1. ## Proving a set theory

Please can someone help me with this:

http://prntscr.com/h9a42p

I need to prove,

i understand that there's a remainder 2 at left side

No remainder at right side

Not sure how to proceed after that.

2. ## Re: Proving a set theory

Originally Posted by inayat
Please can someone help me with this:

http://prntscr.com/h9a42p

I need to prove, $\{3k+2: k\in\mathbb{N}\}\cap\{12\ell: \ell\in\mathbb{N}\}=\emptyset$

i understand that there's a remainder 2 at left side
No remainder at right side
Suppose that for some $k~\&~\ell$ are such that:
\begin{align*}3k+2&=12\ell \\12\ell-3k&=2\\3(4\ell-k) &=2\end{align*}

What is the contradiction there? Or even is there a contradiction?

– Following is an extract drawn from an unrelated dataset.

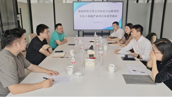 2026年4月8日,湖南师范大学文学院党委书记熊剑峰、副院长岳凯华教授一行赴长沙市天心经济技术开发区开展专题调研,围绕深化校地合作、推动“文化+科技”融合发展进行实地走访与座谈交流。天心经开区党工委委员、天心文广发展中心党组书记、主任谢巍及“文化+科技”工作专班陪同调研并参加座谈。

3. ## Re: Proving a set theory

Surely it is not so blasted hard to type "Show that the set of all number of the form 3k+ 2, where k is an integer, intersect the set of all numbers of the form 12l, where l is an integer is empty" that you had to go to the trouble of posting a screenshot and expecting us to open another site to read it!

You know, I hope, the 12= 4(3) is a multiple of 3 so that any multiple of 12 is also a multiple of 3. But "3k+ 2" is NOT a multiple of 3.